I wonder whether we shouldn't just use 'expr' without true_/false_
prefix; I am especially stumbling over the underscore but also
"true/false expr" sounds a bit odd.
I'm open to different naming. In the GCC C frontend, the
build_conditional_expr function uses op1 and op2, while the Clang AST
uses an expression array with COND, LHS, and RHS
Note: I am not talking about the internal name - I am totally fine with
true_expr and false_expr.
I am talking about the wording presented to the Fortran user, who
will see the compiler error message.
Thus, "+ if (true_expr->rank != false_expr->rank)" is perfectly fine
with me.
But instead of:
Error: true_expr at (1) and false_expr at (2) in conditional expression must
have the same rank
I wonder whether it would be more Fortran like (without loosing
information) to say:
Error: expr at (1) and expr at (2) in conditional expression must have the same
rank
which avoids the underscore and true/false prefix.
* * *
BTW, just thinking about it: When simplifying, I wonder
whether we want to have a special case for
cond ? expr1 : expr1
Namely, condition is only known at runtime but both expressions are
identically? I think gfc_dep_compare_expr (...) == 0 does this.

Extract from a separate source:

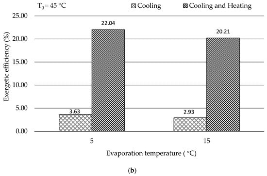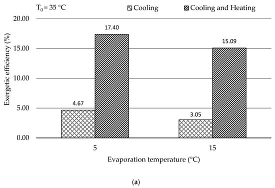 In this study, the performance of a transcritical heat-driven refrigeration system with R744 as the working fluid for both subsystems was investigated. Four scenarios focusing on air conditioning applications (TEVAP = 5 and 15 °C) under hot climatic conditions (T0 = 35 and 45 °C) were simulated, optimized, and compared. Table 6 demonstrates the exergetic optimization results aiming at the highest exegetic efficiency of the overall system for each scenario.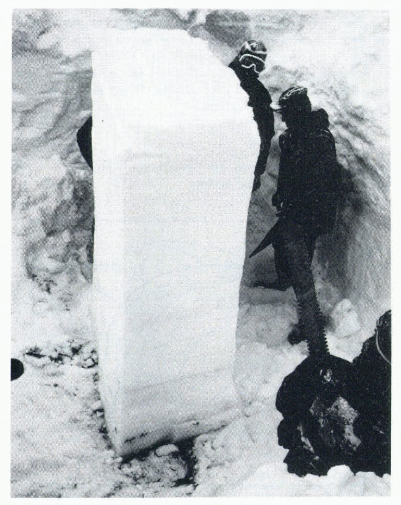 One of the most useful experiments during the field phase of this course follows a procedure suggested by E. R. LaChapelle and developed by C. C. Bradley for testing the snow resisto- graph (Reference BradleyBradley, 1968). The procedure was designed to gain confidence in obtaining the ratio of snow strength to snow load above the weakest layer in a mature snow-pack as measured by Figure 1 the snow resistograph (Reference Bradley and BowlesBradley and Bowles, 1967), Students can determine the profile for compressive strength of the snow column using either the resistograph or the ram penetro- meter. Following this, the load above the indicated weak layer is determined by means of the Mount Rose snow sampler. The research team then isolates a column of snow 1 m square using shovels (Fig. 1). The predetermined weak layer is located in the column and undercut by sawing from two sides on the column toward its center. (A crude large-toothed home-made wooden saw is used for this.)

(If you add it, please re-check that my claim is correct.)
* * *
I think for the beginning, that's okay – albeit a nicer 'sorry' would
be better and fully working .nil. best 😉
A nicer sorry still needs .nil. be parsed in the frontend. For now,
I'll keep it as a hard error and add the remaining functionality soon
🙂
Fine with me. Getting the first version in is more important. [Albeit
if you always print the sorry after parsing, it should be also simple;
the trickier part is to properly handle it - including printing an error
when it is invalid.]
* * *
I'm not sure if I'm understanding you correctly here. Are you
suggesting we treat the conditional expression as a special case for
EXPR_OP (the ternary operator)?
My initial thought, which isn't fully developed, is to store a nullptr
for the nil in the AST. However, this would require a null check every
time we use the true/false expr...
Not as ternery operator, only for .NIL.:
I was wondering about .NIL. as an operator that takes 0 expressions
with it - contrary to .NOT. that takes one (unary) and .AND. that takes
two (binary). - I got the idea because of the '.<something>.' it looks
very much like an operator and fits into the parser for operators.
But I have not thought whether that has additional implications or
how many code changes it requires.
Your idea of using nullptr is also interesting - and at a first glance,
should work. On the second thought, wouldn't this have issues (a) for
the diagnostic if gfc_expr == nullptr as there is also no expr->where
in that case. Additionally, (b) condition is known at compile time,
the might simplify to nullptr - which has issues. Having a special
case for EXPR_CONDITIONAL is fine - as it is localized, but adding
it elsewhere is a problem, especially as we already have several
null values in Fortran:
At least null(), c_null_ptr, and c_null_funptr come into my mind.
And '(cond ? c_null_ptr : .nil.)' looks like a valid expression,
depending on the associated dummy argument.
If you can get it working, having a nullptr for .NIL. works for me,
but I fear it won't work out and (too) many hacks are required.
But I am not sure whether there is a better third solution or whether
we can get one of the two ideas (.NIL. as EXPR_OP or as nullptr working).
* * *
Tobias
PS: I still have to read through the actual patch - instead of only replying
to your email ...
And I really need to look at your two sinpi library patches.